Here is the full video of Liz Harris leaving the state house after her fellow members voted to expel her. pic.twitter.com/GhRi4jzzMb
— Michael Doudna (@MichaelDoudna) April 12, 2023
Breger gave a presentation in which she insisted that various Republican and Democratic figures are laundering money in Arizona on behalf of Mexico’s notorious Sinaloa Drug Cartel.
She went on to assert that the Church of Jesus Christ of Latter-Day Saints has been "integral to the laundering activities."
Breger alleged that these money laundering activities were being carried out via a series of fraudulent mortgage applications. Breger also denies that the 2022 election results were legitimate, a position with which Harris agrees.
For her part, Harris issued a statement on Instagram shortly this past November in which she pledged not to vote on any bills until the 2022 election is redone.
"I will now be withholding my vote on any bills in this session without this new election in protest to what is clearly a potentially fraudulent election," she posted on November 17.
However, 12 News pointed out that the freshman lawmaker nevertheless cast 100 votes prior to her expulsion this week.
Twelve News noted that House Speaker Ben Toma and Senate President Warren Petersen each voiced condemnation of Breger's remarks, with both lashing out at Harris.
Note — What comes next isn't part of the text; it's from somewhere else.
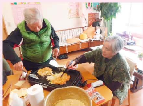
↑みんなでお好み焼きしましたよ!

“What should have been a joint hearing to examine commonsense election reforms devolved into disgraceful fringe theater," Toma was quoted as saying in a statement released on Monday.
"I’m not alone in believing that it was irresponsible and bad judgment for Ms. Harris to invite a person to present unsubstantiated and defamatory allegations in a legislative forum," he went on to add.